Art of Efficient Programs
notes from the book by the same name and additional notes on optimizations
Performance Fundamentals
- methodology for studying the performance of programs, based on measurements, benchmarking, profiling.
- need for understanding intracacies between processor and memory architecture.
What is Performance?
- Efficiency vs Performance
- Efficiency deals with using resources optimally and not wasting them.
- An efficient program makes good use of computational hardware, doesn't leave resources idle:processor, memory, network.
- Speed - Throughput - amount of computations the program does in a given time.
- Performance: throughput, power consumption, real-time apps, context dependent
- Evaluating, estimating and predicting performance.
- Performance considerations and targets have their place at the design stage jsut like other design goals.
- Do not optimize prematurely and don't pessimize intentionally either.
- Program profiling and measurement to see where resources such as time and memory are used and modified to improve these resources.
- After all reasonable programmer mods have been made, further improv can only come from how well instructions are translated into instructions for the target machine.

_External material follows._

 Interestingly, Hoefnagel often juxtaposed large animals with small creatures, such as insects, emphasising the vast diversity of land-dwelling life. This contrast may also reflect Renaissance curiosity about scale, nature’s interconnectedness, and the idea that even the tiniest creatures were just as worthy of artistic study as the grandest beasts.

- The compiler must try to compensate for unbalanced computer systems: speed of the processor, speed of memory system, speed of i/o system.
- PROCESSORS ARE MUCH FASTER THAN MEMORY SYSTEMS.

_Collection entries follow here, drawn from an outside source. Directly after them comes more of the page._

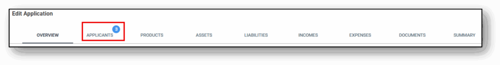 The Applicants tab is specifically designed for viewing and updating applicant details, or for adding an additional applicant to the loan application.
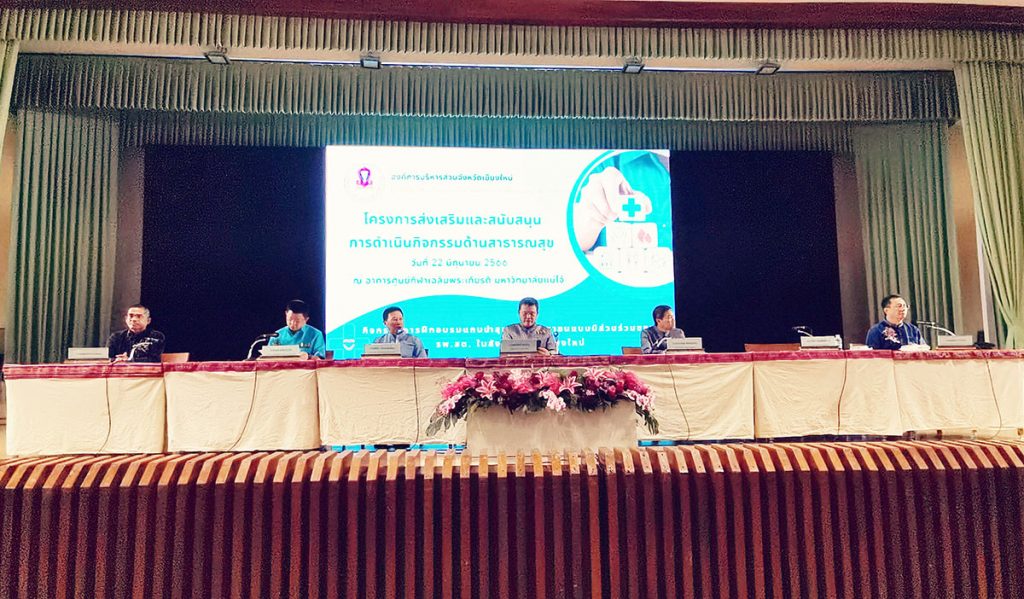 นอกจากนี้ อบจ.เชียงใหม่ ยังจะดำเนินการพัฒนาคุณภาพงานด้านสาธารณสุข ของจังหวัดเชียงใหม่ โดยการพัฒนา – ด้านโครงสร้างพื้นฐานให้ รพ.สต. ในสังกัด อบจ.เชียงใหม่ เช่น อาคาร สถานที่ ปรับปรุงทางเข้า – ออก – ด้านบุคลากร โดยเพิ่มจำนวนเจ้าหน้าที่ให้เต็มตามกรอบอัตรากำลัง สรรหาแพทย์ ทันตแพทย์ เภสัชกร นักกายภาพบำบัด เพียงพอต่อการรับบริการของประชาชน – ด้านวัสดุ ครุภัณฑ์ จัดหาวัสดุ ครุภัณฑ์ทั่วไป และครุภัณฑ์ด้านสาธารณสุข เช่น ยูนิตทำฟัน หุ่นฝึกช่วยกู้ชีพ รถพยาบาลสำหรับส่งต่อผู้ป่วย – สนับสนุนงบประมาณ การซ่อมแซม ปรับปรุง เปลี่ยนป้ายต่าง ๆ ใน รพ.สต. ผลักดันการจัดตั้งหน่วยบริการประจำ เพื่อบริหารจัดการงบประมาณการสร้า เสริมสุขภาพ ป้องกันโรค (PP) งบผู้ป่วยนอก (OP) เพื่อนำมาจัดหาแพทย์ บริการ ที่จำเป็น และเกิดประโยชน์กับประชาชนในพื้นที่ โครงการส่งเสริมและสนับสนุนการดำเนินกิจกรรมด้านสาธารณสุข : กิจกรรมอบรม แกนนำสุขภาพประชาชนแบบมีส่วนร่วมของ รพ.สต. ในสังกัด อบจ.เชียงใหม่ในครั้งนี้ จัดขึ้น โดยมีวัตถุประสงค์เพื่อให้ประชาชนในเขตพื้นที่ รพ.สต. ในสังกัดองค์การบริหารส่วนจังหวัด เชียงใหม่ มีความรู้ ความเข้าใจเกี่ยวกับการถ่ายโอนภารกิจโรงพยาบาลส่งเสริมสุขภาพตำบล (รพ.สต.) และการจัดตั้งหน่วยบริการประจำ ได้ทราบสิทธิขั้นพื้นฐานในการรักษาพยาบาล ในหน่วยบริการปฐมภูมิ รพ.สต. ในสังกัด อบจ.เชียงใหม่ โดยในช่วงเช้ามีการอบรมให้ความรู้ เกี่ยวกับโรคติดต่อที่นำโดยแมลง ที่มียุงเป็นพาหะ การจัดบูธนิทรรศการแสดงผลการดำเนินงานของ รพ.สต. ในสังกัด อบจ.เชียงใหม่ หลังการถ่ายโอน จำนวน 21 บูธ
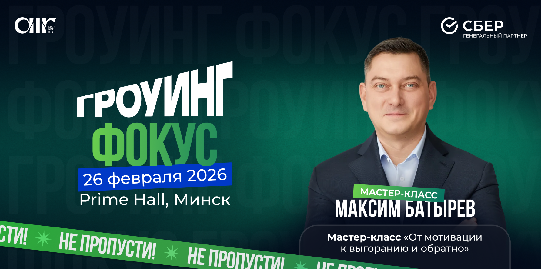 26 февраля 2026 года в Минске состоится бизнес-конференция нового формата "Гроуинг.Фокус", посвященная самой острой проблеме современных компаний – управлению энергией команды и борьбе с выгоранием. Спикером мероприятия выступит один из главных управленческих экспертов СНГ – Максим Батырев.

- Compilers must generate code that uses memory less by using registers or maximising memory cache
Learning list for high-perfomance programs
- Choosing the right algorithm.
- Using the CPU resources effectively.
- Using memory effectively.
- Avoiding unnecessary computations
- Use concurrency and multi-threading effectively.
- Using the programming language effectively.
- Measuring performance and interpreting results.
`side notes on optimisation`
- In an optimisation problem, a function is to maximized or minimized, this is the objective functio or the performance index..
- Variable in the objective function are denoted as design variable or decision variables and can take values from an upper and lower limit.
- The constraints are functions of the design variables.
- If the design variables satisfy all the constraints, they represent a feasable set.
- If the objective function and constraints re linear functions then the problem becomes a linear programming problem
- The role of designer is to provide a problem specification that details the parameters, constants, objectives and constraints that are achieved.
- The designer is responsible for crafting the problem and quantifying the merits of potential designs.
- Also supplies a baseline design or initial design point to the optimization algorithm.
- Feasible solutions are those that satisfy all the constraints in the optimisation problem.
- Design specification --> Initial Design --> Evaluate Performance --> Good -->No> Change design --> Evaluate Performance Yes> Final Design.
- An optimisation algorithm is used to incrementally improve the design until it can no longer be improved or until the budgeted time or cost has been reached.
- Designer analyses the result of the optimization process to ensure its sustainability for the final application.
- Misspecifications in problem, poor baseline design, improperly implementedand unsuitable optimisation algos.
- Optimize with respect to data not intuition.
- Optimization algos are limited by the designer's ability to specify the problem.
- No guarantee that the optimization algo will produce an optimal solution.